How many processes are being used?  Is this race condition hit
frequently?

This morning the 1.7 branch was updated with a few fixes we've developed
over the past month.  Perhaps you can try this branch and see if this
error is still reproduciable.

If you'd like to try out the patch directly you can retrieve it using
the following command.

svn diff -c5391 http://mvapich.cse.ohio-state.edu/svn/mpi/mvapich2/branches/1.7

On Thu, Apr 12, 2012 at 02:25:34PM +0000, Rimmer, Todd wrote:
> Devendar,
> 
> I just wanted to follow up, in case Mike Heinz hasn't had a chance too.
> 
> Thank you very much for the patch, we will give it a try soon, but it might be a couple of more days before we get a chance to do so.
> 
> We are looking into different high priority problem observed with mvapich2  1.7-6 as included in OFED 1.5.4.1.
> 
> The problem occurs when building mvapich2 with the PGI compiler.  In this case, collectives, such as barrier and reduce intermittently hang during tests such as IMB.    We have narrowed down the problem to intra-node operations via shared memory regions in conjunction with PGI compiler optimizations.  When mvapich2 is built with -O2 (the default per the .spec and configure files) the failure occurs.  If we turn off optimization, the problem does not occur.  At least two functions of interest are MPIR_Reduce_shmem_MV2 and MPIR_shmem_barrier_MV2 in barrier_osu.c
> 
> The problem is specific to the PGI compiler, we are using PGI 10.5.  Intel and GNU compilers do not expose this issue.
> 
> Our suspicion is an aggressive optimization in the intra-node code causes some subtle aspects of shared memory polling and testing to be optimized out and causes a race.
> 
> It seems these functions were not previously used in mvapich2  1.6 (which did not have this issue)
> 
> Are you aware of any problems such as this?
> 
> Todd Rimmer
> IB Product Architect 
> Fabric Products Division
> Voice: 610-233-4852     Fax: 610-233-4777
> Todd.Rimmer at intel.com
> 
> 
> > -----Original Message-----
> > From: Devendar Bureddy [mailto:bureddy at cse.ohio-state.edu]
> > Sent: Monday, April 09, 2012 11:28 AM
> > To: Heinz, Michael William
> > Cc: mvapich-discuss at cse.ohio-state.edu; Marciniszyn, Mike; Rimmer, Todd
> > Subject: Re: [mvapich-discuss] BUG REPORT: MVAPICH2 over OFED 1.5.4.1
> > fails in heterogeneous fabrics
> > 
> > Hi Michael
> > 
> > Can you please try the attached patch with latest 1.7 nightly tarball and see if
> > this issue resolved with it?
> > 
> > Please follow below instructions for applying the patch:
> > 
> > $tar xvf mvapich2-latest.tar.gz
> > $cd mvapich2-1.7-r5225
> > $patch -p0 < diff.patch
> > 
> > -Devendar
> > 
> > On Mon, Apr 2, 2012 at 2:13 PM, Heinz, Michael William
> > <michael.william.heinz at intel.com> wrote:
> > > Basically, the problem is this: In version 1.7 of mvapich2, setting up handling
> > of a mixed fabric was done before initialization of the IB queue pairs.
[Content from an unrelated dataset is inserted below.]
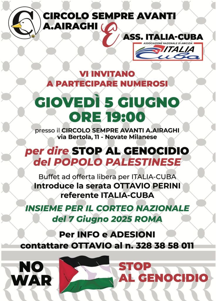 Domani giovedì 5 giugno alle 19.00 serata organizzata con l’associaziione Italia Cuba – Novate Milanese per dire STOP al genocidio del popolo palestinese🇵🇸

This
> > was done by calling rdma_ring_based_allgather() to collect information
> > about the HCA types and then calling rdma_param_handle_heterogenity().
> > (See lines 250-270 of rdma_iba_init.c).
> > >
> > > Working this way permitted each rank to correctly determine whether to
> > create a shared receive queue or not.
> > >
> > > Unfortunately, this was eliminated in 1.7-r5140. In the new version,
> > rdma_param_handle_heterogenity() is not called till *after* the shared
> > receive queue has already been created and the QP had been moved to
> > ready-to-receive state - and when rdma_param_handle_heterogenity()
> > turns the shared receive queue off, the queue pairs are left in an unusable
> > state.
> > >
> > > This problem affects fabrics using HCAs from IBM, older Tavor-style
> > Mellanox HCAs and QLogic HCAs.
> > >
> > > We've reviewed the changes and, unfortunately, we can't see a way to fix
> > this without going back to using rdma_ring_based_allgather() to collect
> > information about the HCA types before initializing the queue pairs. The
> > work around is to manually specify MV2_USE_SRQ=0 when using mvapich2-
> > 1.7-r5140.
> > >
> > > _______________________________________________
> > > mvapich-discuss mailing list
> > > mvapich-discuss at cse.ohio-state.edu
> > > http://mail.cse.ohio-state.edu/mailman/listinfo/mvapich-discuss
> > 
> > 
> > 
> > --
> > Devendar
> 
> _______________________________________________
> mvapich-discuss mailing list
> mvapich-discuss at cse.ohio-state.edu
> http://mail.cse.ohio-state.edu/mailman/listinfo/mvapich-discuss
> 

-- 
Jonathan Perkins
http://www.cse.ohio-state.edu/~perkinjo